Let it go. They’re going to make really stupid choices. I drank AND smoked in high school. We all go through it. They need to be able to trust you and rely on you. They’re navigating the world and they need a safe harbor. Be that safe harbor. It’s more important than fighting over stupid behavior. Let them know you don’t approve - sure, but fighting over stupid stuff is just going to make you both bitter.
Questions
1. How did you fail today?
2. What did you learn?
3. What do you love about yourself?
4. Name something you’re grateful for.
5. How are you in service to others?
6. Did you feel God’s presence today?
7. Are you happy in your heart?
8. What is something that scares you?
9. What do you need to feel safe and supported?
10. What’s something you like doing that makes your heart happy?
Face it. Whatever it is, show up with your most powerful self. Make decisions from a point of power, not fear. Sometimes the answer is to retreat, care for the injured, mourn the losses. Strategize. Prepare and then attack.
Considering taking meds for your mental health but concerned about the side effects? Consider the side effects of *not* taking them! Meds don’t turn you into someone you’re not, they lift the murky fog around your brain so you can be more yourself. It’s the depression that changes you. Meds just help you get rid of the fog.
Discuss the concept that “It’s not always about you.” Some days need to be about supporting someone else in their joy - or sorrow. Your needs take a backseat.
Google Taylor Swift contrast Kim Kardashion at 2024 Superbowl. Good vibes are always better than “cool.” Show up. Dog park energy. Forget trying to look cool.

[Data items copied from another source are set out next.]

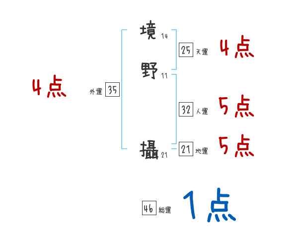 境野攝さんの画数の鑑定結果
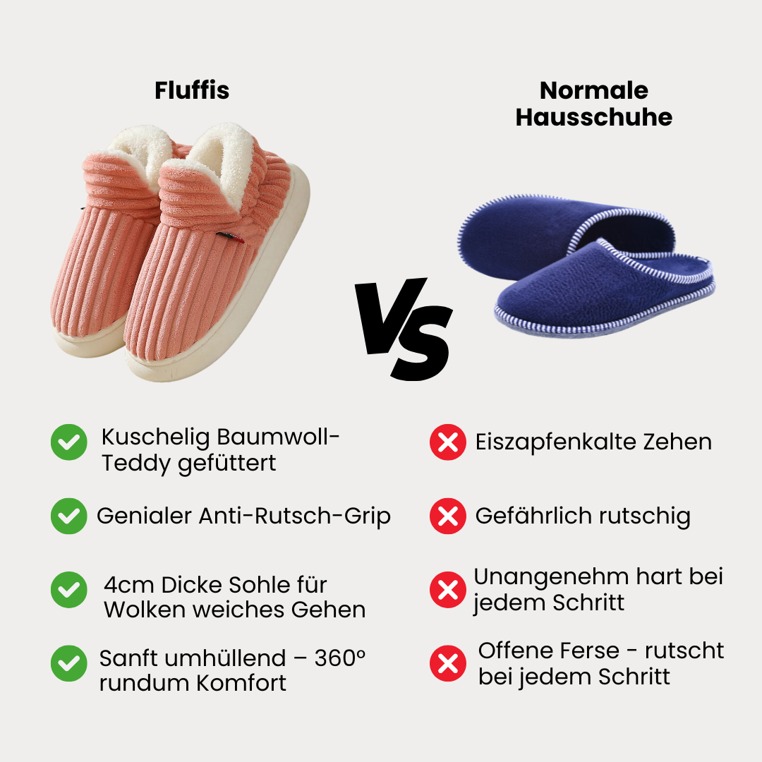 Mit den Fluffis bekommst du in Nullkommanichts flauschig warme Füße, eine federweiche Polsterung und das Gefühl, auf Wolken zu gehen – purer Komfort garantiert!
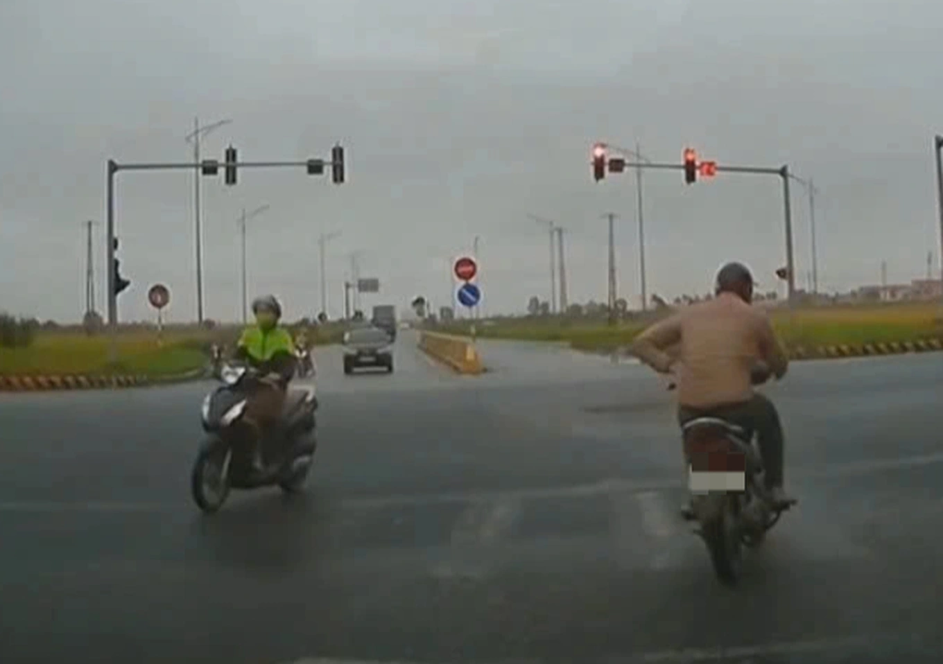 Trong lúc mọi người đang chờ đèn đỏ tại ngã tư, tài xế N.A.T. (quê Hưng Yên) đã điều khiển xe máy vượt đèn đỏ. Hành vi này tiềm ẩn nguy cơ xảy ra tai nạn giao thông.
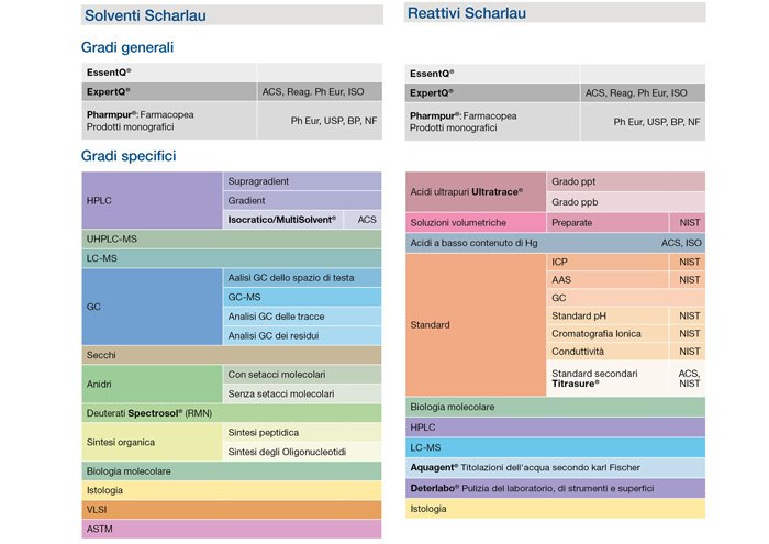 • ExpertQ®: Qualità utilizzata principalmente nel lavoro analitico di laboratorio. Corrisponde ad un grado di reagenti di alta qualità per laboratori e per uso industriale specializzato. La qualità ExpertQ® include solventi, sali, acidi e basi, soluzioni e misceles.
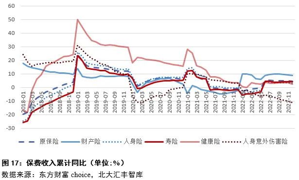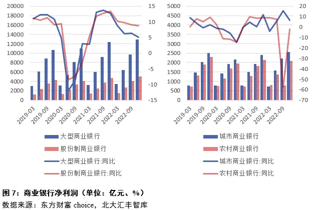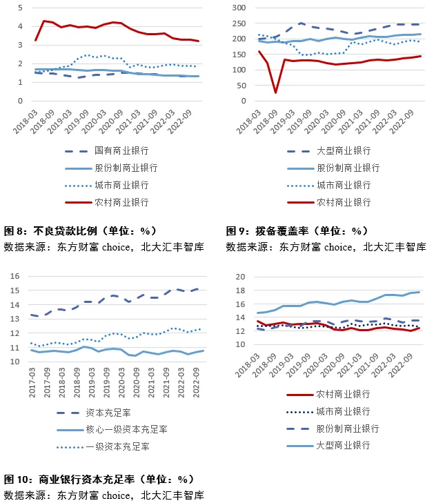 ▶ 资产质量:截至2022年末,商业银行不良率1.6%,同比下降10BP;其中,国有行、股份行、城商行和农商行不良率分别为1.3%、1.3%、1.9%、3.2%,同比分别下降6BP、5BP、5BP、41BP,均处于低位。2022年四季度商业银行拨备覆盖率为205.9%,同比升高9.0%,其中大型商业银行、股份行、城商行、农商行分别上升5.8%、7.9%、2.9%、13.8%。此外,商业银行的资本充足率为15.2%,同比上升4BP,一级资本充足率和核心一级资本充足率分别为12.3%、10.7%,同比下降4BP、5BP。整体而言,商业银行资产质量较好。

Key to a happy marriage: each of you must love and support the person in front of them. Not the person you married or the person you hope they will grow into. We all change and grow. Not all of it is for the better, especially our looks ha ha. We shouldn’t make our spouse feel obligated to stay the same person they were when we fell in love with them. In marriage as in business as in life: If you’re not growing you’re dying.
In marriage there will be times or occasions when one of you will be “pilot” and the other “copilot” (depending on skills, abilities, circumstances, etc.)
Both pilot and copilot are good! But never be a “passenger” in a relationship.
We can disagree with people and still be respectful of them. (When what they espouse is something that hurts people, that’s where you can draw the line.)
Honesty without kindness is brutality. Kindness without honesty is manipulation. (That said, when anyone asks if that outfit makes them look fat, the answer is “you look perfect.”)
Sometimes the job will require you to do menial tasks. Do them enthusiastically because nothing is “beneath you.” If the good Lord can wash people’s feet, you can make coffee at the office. Get over yourself.
ABC's of video game addiction: Autonomy, Belonging, Control.
Try to find ways to developing these things in areas outside of gaming. Games are great, but not at the expense of everything else.